3. Glimpse of sales dataset 6 columns:

4. Glimpse of inventory dataset:

2. Data Exploration and Cleaning

I’ve added the SQL script of this on GitHub. I’ll start with Number of Rows of each table:

Checking the unique values in each id column for each table:

A mismatch in rows for the product table, means there are Duplicates in product table, then I identify the duplicates.

The same Products have different price values. Now in this case I’ll keep the products having maximum price value. To delete the duplicates, I’ll need a column that is unique so I’ll create a row index column with the help of auto-increment.

With the help of Common Table Expression and ROW NUMBER function, I deleted the duplicates and 8332 row(s) affected, only unique 1862 rows left. I verified if there are any duplicates with:

For the product id ‘FUR-BO-1000046’ there were different prices 104,145 etc. Now only the maximum-price product is left.
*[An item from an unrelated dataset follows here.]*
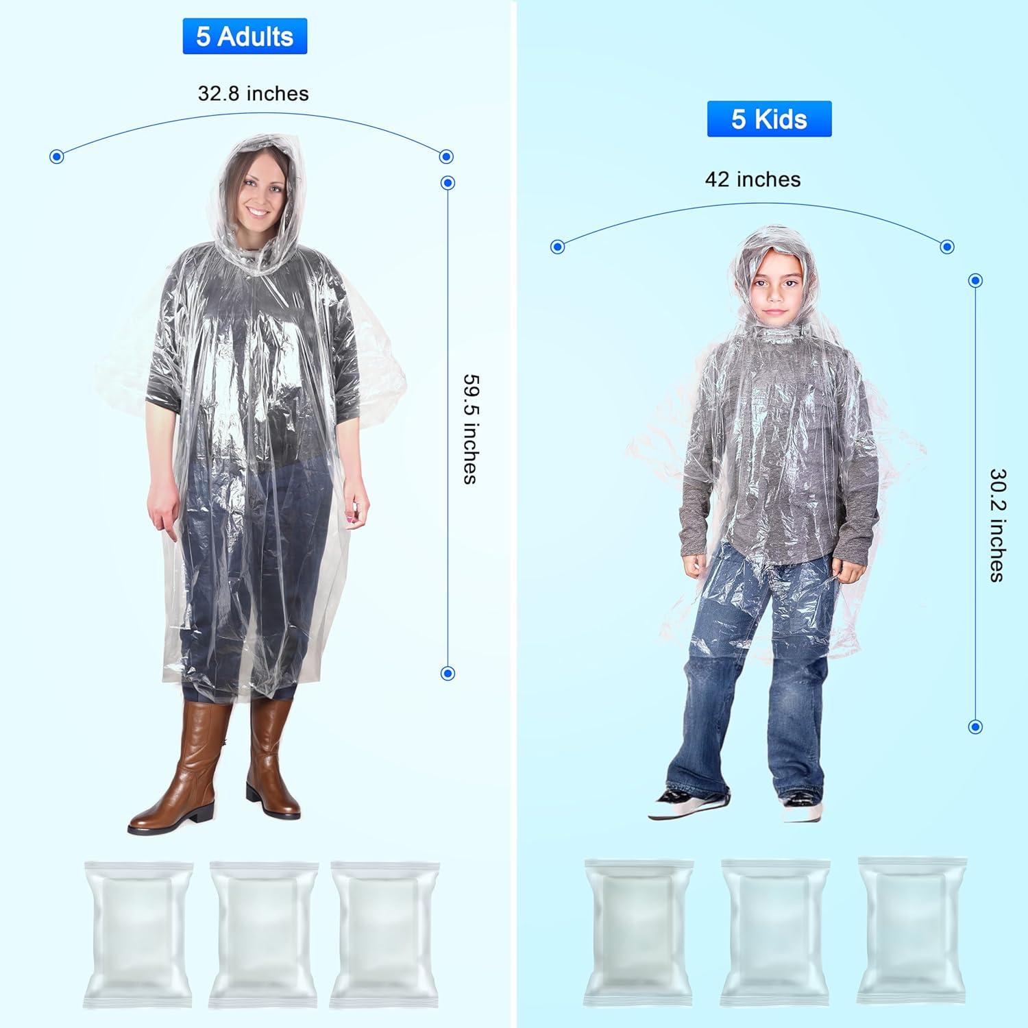 EcoNour Clear Rain Ponchos Family Pack | Emergency Clear Ponchos with Hood for Kids & Adults | Perfect for Disney World(Transparent (5 Kids /5 Adults))

Identifying Null or blank values: I found 15 records in stock with values zero, it is possible the stocks are zero, so no need to remove them. Some product id and quantity are missing in this case I’ll replace the quantity with mean and remove the product_id as there are only 3 missing records.

Missing values in the sales table

I checked the quantity column for any inconsistencies such as alphabets or special characters, as it is a character data type. So, I used the query “SELECT quantity FROM sales WHERE quantity NOT REGEXP ‘[^0-9]’;” and 15 rows blank rows returned, which means there are no special characters or alphabets. Then I replaced the blank quantities with average (4) and changed the data type to Integer.

3. Analyze and Share

Connecting MySQL with Power BI: To visualize the data, I utilized Power BI by connecting it to MySQL. I created a VIEW to represent the query results that were intended for visual representation.

Views and Tables in the Database

I first analyzed the data related to a particular table, such as the number of customers by gender, age range, and time period. I then analyzed the data based on the project objective.

3.1 Number of customers by gender: Female 673 & Male 131.

3.2 Age range: The customer’s Age ranges from 18 to 80.

3.3 Order dates: From 2019–01–03 to 2022–12–30.

3.4 Transaction & Sales by Year:

Sales have increased from 2.6 million in 2019 to 4.3 million in 2022, with the number of transactions increasing as well. 2022 had the highest number of transactions, while 2019 had the lowest. The trend of increasing sales and transactions is evident from year to year

3.5 Number of Transactions & Sales by Month:

December achieved 1.9 million in sales, while February recorded approximately 0.35 million. November saw 755 transactions, whereas February had 162. Notably, the last quarter of the year experienced higher sales and transaction volumes.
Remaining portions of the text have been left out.